Working data START

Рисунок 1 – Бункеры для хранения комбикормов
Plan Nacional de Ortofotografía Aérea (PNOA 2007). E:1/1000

Working data END
Working data START

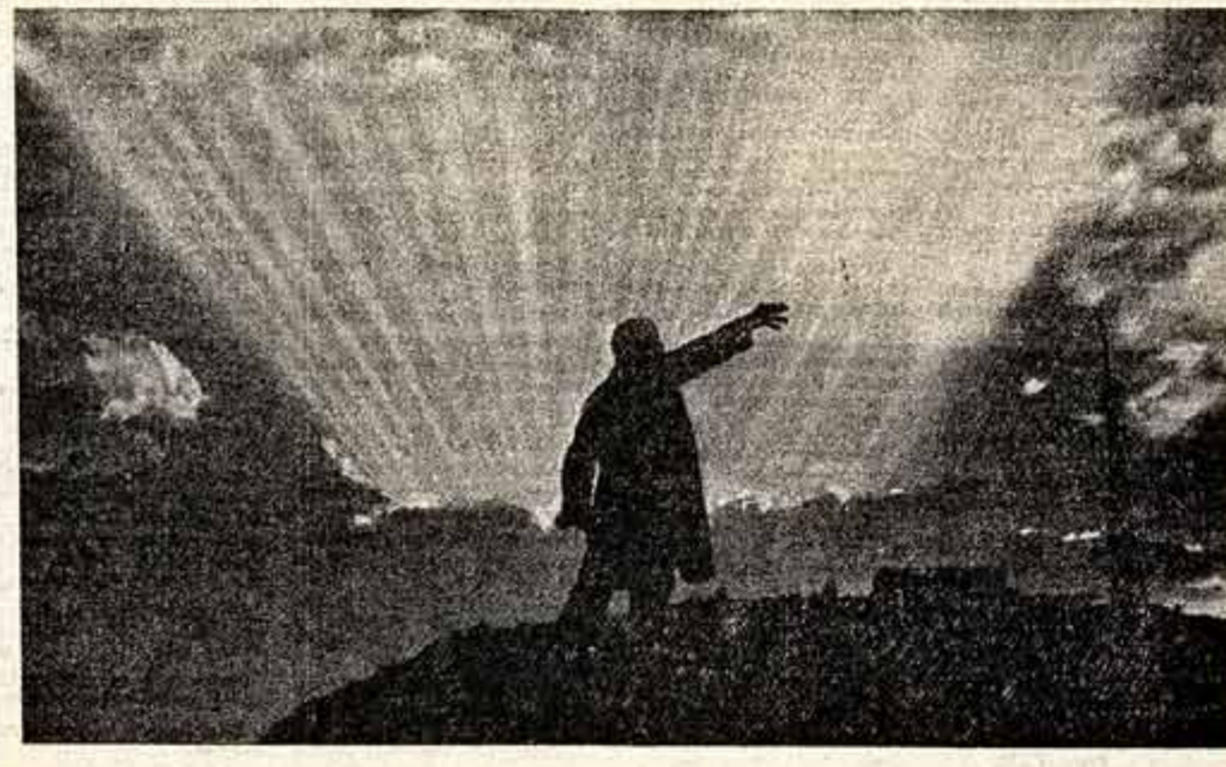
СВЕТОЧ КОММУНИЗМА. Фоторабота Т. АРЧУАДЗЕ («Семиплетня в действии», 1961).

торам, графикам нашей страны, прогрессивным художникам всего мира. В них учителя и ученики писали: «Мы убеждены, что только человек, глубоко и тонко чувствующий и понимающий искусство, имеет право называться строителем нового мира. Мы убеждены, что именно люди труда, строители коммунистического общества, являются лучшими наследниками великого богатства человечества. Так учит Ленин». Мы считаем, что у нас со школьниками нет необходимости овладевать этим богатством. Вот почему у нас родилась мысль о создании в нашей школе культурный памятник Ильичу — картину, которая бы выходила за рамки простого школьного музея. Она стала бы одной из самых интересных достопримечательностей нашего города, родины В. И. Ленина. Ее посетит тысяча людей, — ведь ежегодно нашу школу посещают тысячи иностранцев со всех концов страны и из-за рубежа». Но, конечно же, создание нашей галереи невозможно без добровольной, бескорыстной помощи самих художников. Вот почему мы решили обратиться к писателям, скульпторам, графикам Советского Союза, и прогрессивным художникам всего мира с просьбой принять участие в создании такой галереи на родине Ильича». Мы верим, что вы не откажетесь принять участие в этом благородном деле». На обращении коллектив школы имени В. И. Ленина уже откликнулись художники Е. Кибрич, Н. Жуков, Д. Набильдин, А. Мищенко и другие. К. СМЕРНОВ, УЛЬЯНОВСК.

Working data END

## Exercise
Scan the entries above for the line containing "Рисунок 1 – Бункеры для хранения комбикормов", and copy it and all lines after it exactly, down to and including the line containing "Plan Nacional de".

## Answer space
Рисунок 1 – Бункеры для хранения комбикормов
Plan Nacional de Ortofotografía Aérea (PNOA 2007). E:1/1000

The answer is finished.